*** Data extracts Section Begins ***

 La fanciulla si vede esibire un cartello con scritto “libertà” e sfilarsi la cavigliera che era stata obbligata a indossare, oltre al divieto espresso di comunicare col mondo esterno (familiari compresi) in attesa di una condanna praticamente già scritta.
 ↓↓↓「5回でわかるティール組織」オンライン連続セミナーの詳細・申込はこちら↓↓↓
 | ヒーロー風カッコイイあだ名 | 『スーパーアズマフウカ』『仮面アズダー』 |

*** Data extracts Section Ends ***
*** Data extracts Section Begins ***

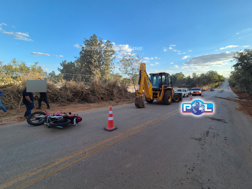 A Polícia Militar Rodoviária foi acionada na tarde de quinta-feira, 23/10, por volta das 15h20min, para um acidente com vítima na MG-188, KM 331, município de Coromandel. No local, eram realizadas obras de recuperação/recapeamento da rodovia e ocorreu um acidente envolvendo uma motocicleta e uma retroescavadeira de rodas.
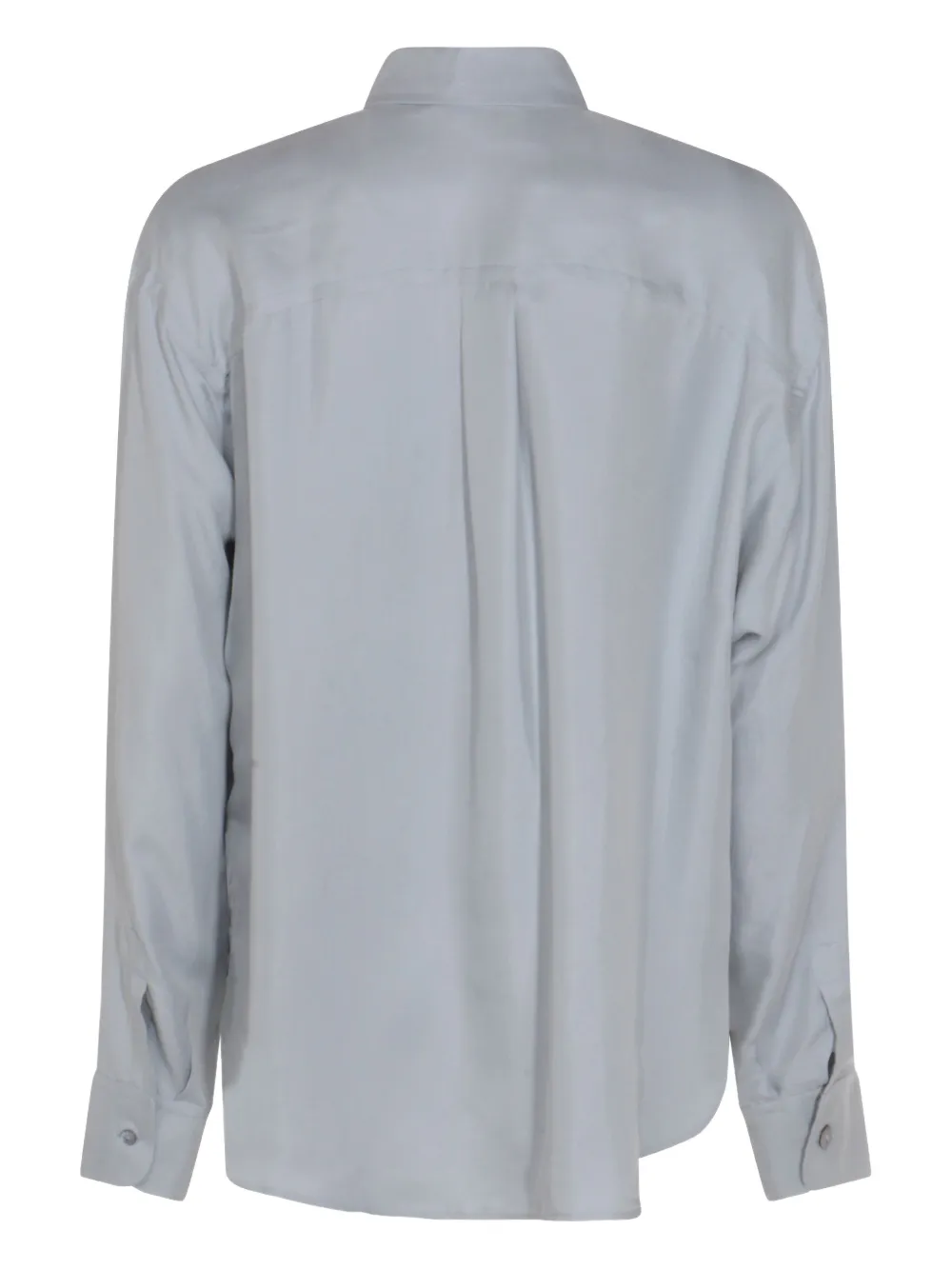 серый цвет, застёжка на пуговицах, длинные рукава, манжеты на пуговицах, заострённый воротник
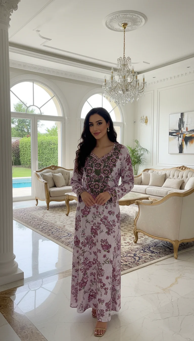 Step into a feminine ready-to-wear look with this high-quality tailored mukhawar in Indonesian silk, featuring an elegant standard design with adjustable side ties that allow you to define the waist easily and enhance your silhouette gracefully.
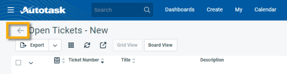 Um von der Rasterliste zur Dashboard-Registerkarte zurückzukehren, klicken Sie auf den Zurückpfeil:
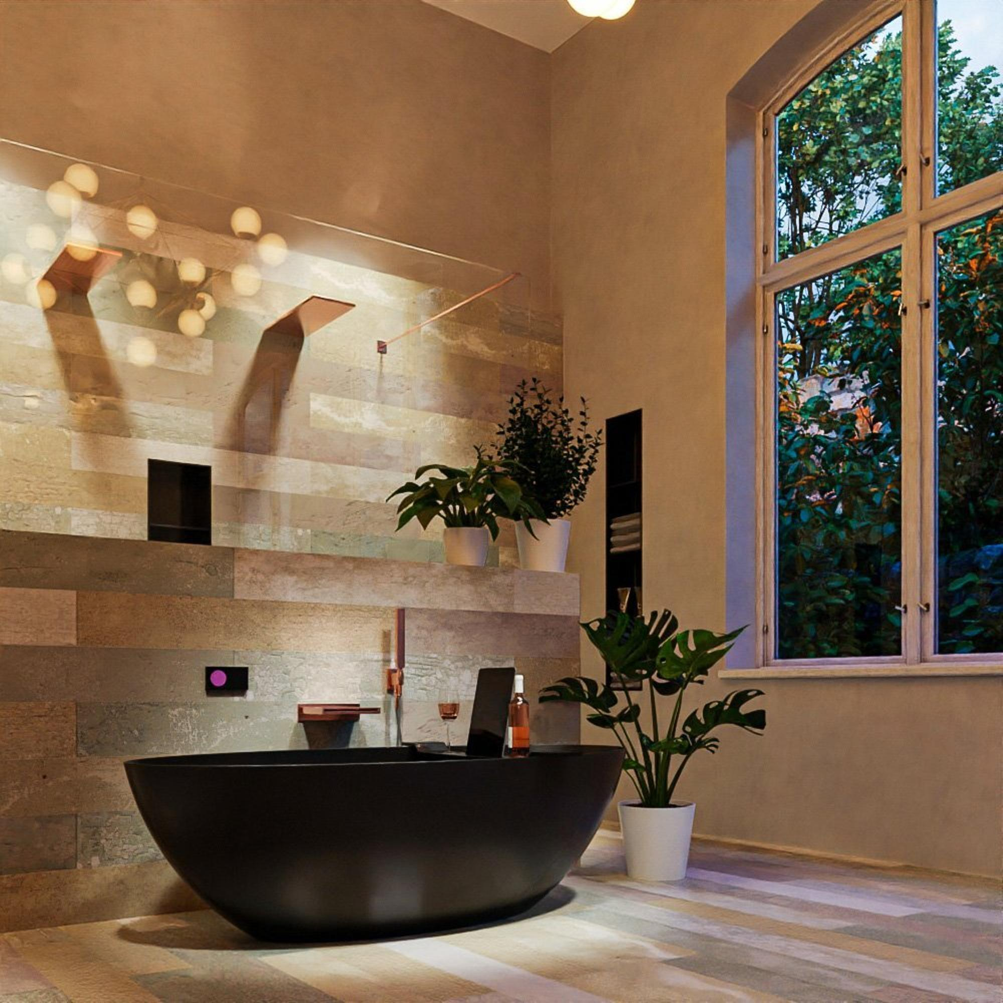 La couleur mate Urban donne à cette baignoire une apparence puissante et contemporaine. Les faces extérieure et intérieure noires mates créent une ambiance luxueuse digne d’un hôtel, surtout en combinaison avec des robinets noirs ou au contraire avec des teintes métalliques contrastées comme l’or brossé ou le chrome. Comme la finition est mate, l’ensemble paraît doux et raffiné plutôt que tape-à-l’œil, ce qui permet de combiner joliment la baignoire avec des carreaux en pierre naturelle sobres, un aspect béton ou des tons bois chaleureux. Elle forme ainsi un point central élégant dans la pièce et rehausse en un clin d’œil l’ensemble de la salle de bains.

*** Data extracts Section Ends ***
*** Data extracts Section Begins ***

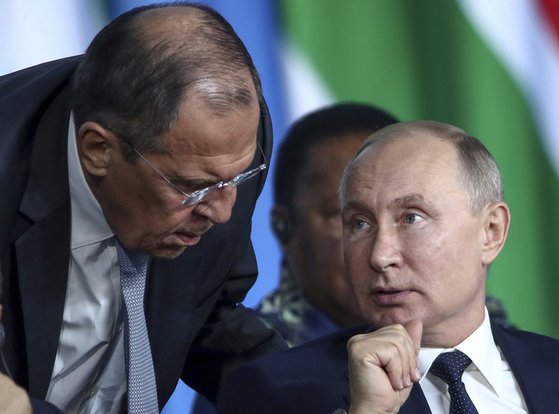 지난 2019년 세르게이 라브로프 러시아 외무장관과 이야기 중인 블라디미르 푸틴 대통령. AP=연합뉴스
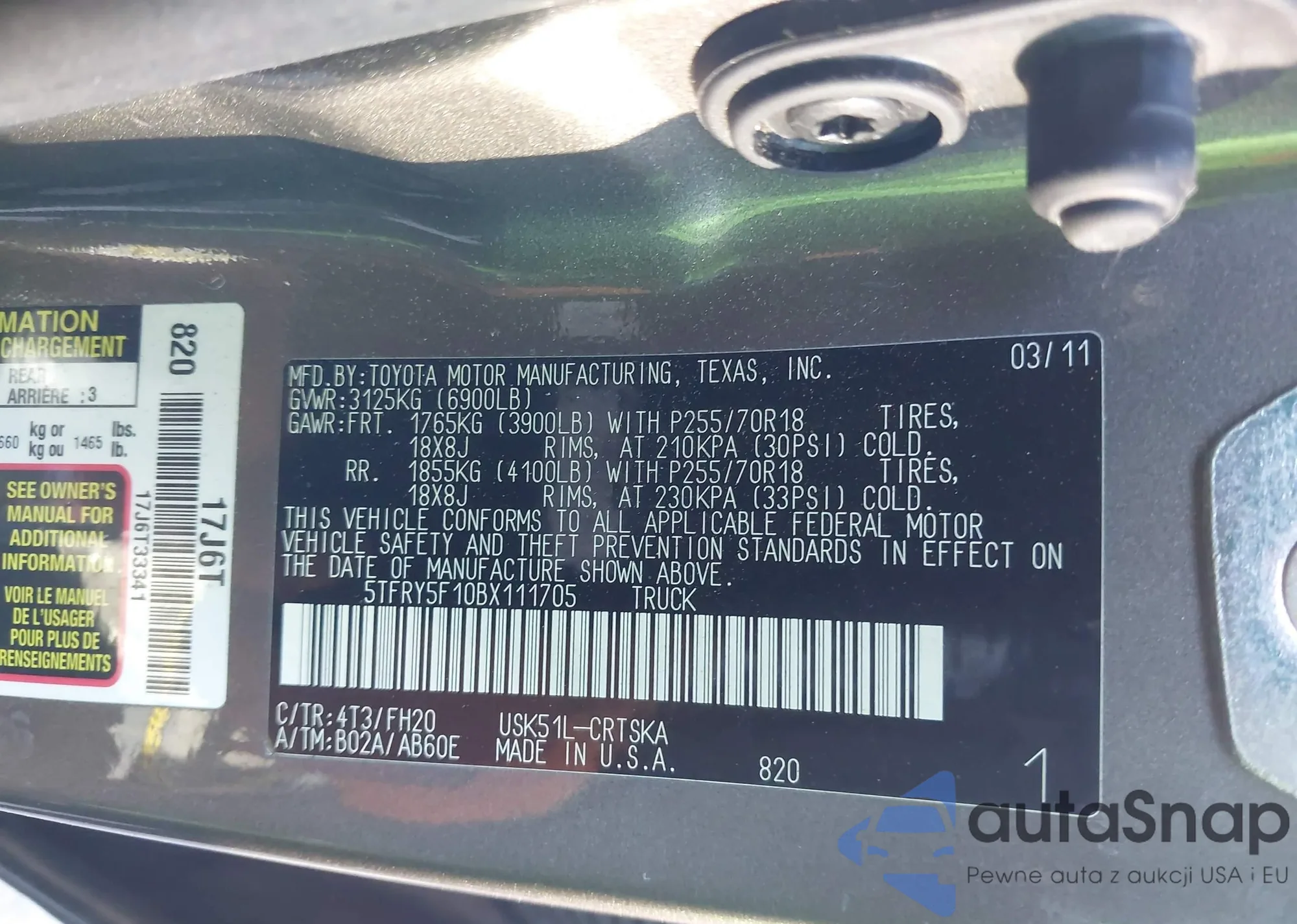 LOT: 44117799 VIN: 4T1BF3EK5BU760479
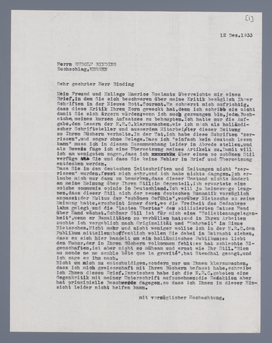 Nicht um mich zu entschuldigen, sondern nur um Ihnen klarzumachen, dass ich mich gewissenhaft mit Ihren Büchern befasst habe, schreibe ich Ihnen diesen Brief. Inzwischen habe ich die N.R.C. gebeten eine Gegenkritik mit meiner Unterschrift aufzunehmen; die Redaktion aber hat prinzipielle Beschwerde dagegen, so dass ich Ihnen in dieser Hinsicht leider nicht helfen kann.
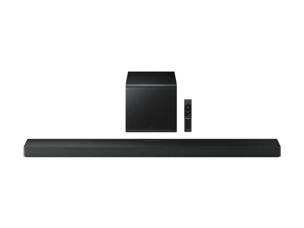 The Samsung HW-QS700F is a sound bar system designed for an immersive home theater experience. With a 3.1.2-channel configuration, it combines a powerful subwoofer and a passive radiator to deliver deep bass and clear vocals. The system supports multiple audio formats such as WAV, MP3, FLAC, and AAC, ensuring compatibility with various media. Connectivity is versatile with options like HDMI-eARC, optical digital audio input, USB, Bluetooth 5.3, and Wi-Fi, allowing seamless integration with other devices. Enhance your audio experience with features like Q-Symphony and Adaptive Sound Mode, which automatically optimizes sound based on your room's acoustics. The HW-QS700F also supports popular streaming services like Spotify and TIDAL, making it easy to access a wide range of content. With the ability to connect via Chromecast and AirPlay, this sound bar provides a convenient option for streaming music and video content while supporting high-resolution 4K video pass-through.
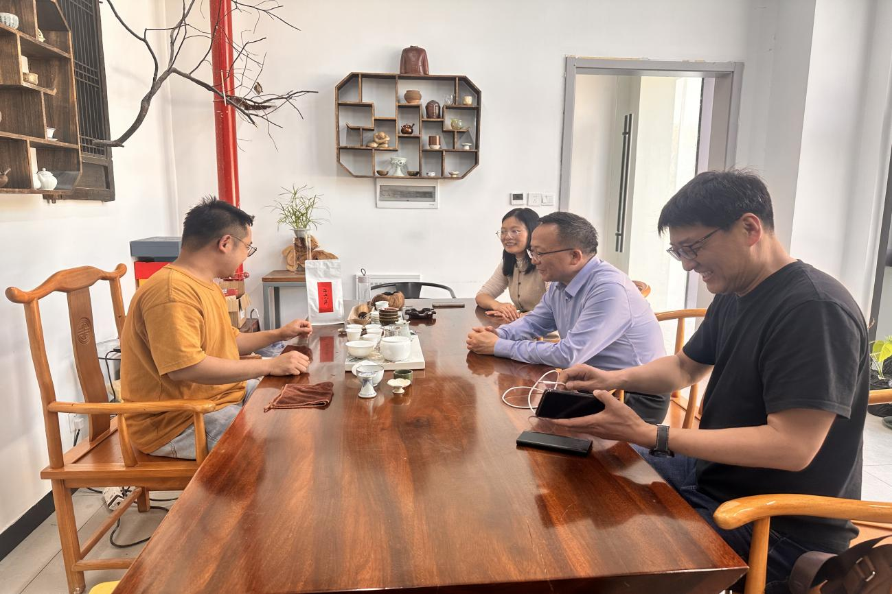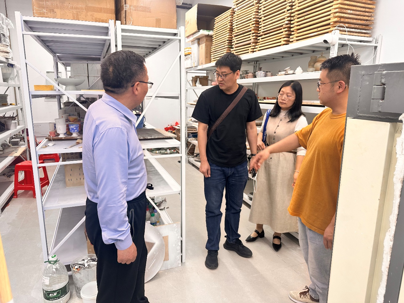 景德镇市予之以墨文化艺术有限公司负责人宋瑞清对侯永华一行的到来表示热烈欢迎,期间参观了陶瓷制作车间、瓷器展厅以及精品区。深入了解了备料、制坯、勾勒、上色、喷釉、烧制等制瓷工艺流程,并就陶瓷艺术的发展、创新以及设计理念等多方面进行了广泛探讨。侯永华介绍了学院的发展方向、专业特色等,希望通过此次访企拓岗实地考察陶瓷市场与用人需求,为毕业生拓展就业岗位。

*** Data extracts Section Ends ***

#### What you will do
In the listing above, find the line with "지난 2019년 세르게이" and output it and every line after it up to and including the line with "LOT: 44117799 VIN: 4T1BF3EK5BU760479", exactly, minus the pictures.

#### Result for this exercise
 지난 2019년 세르게이 라브로프 러시아 외무장관과 이야기 중인 블라디미르 푸틴 대통령. AP=연합뉴스
 LOT: 44117799 VIN: 4T1BF3EK5BU760479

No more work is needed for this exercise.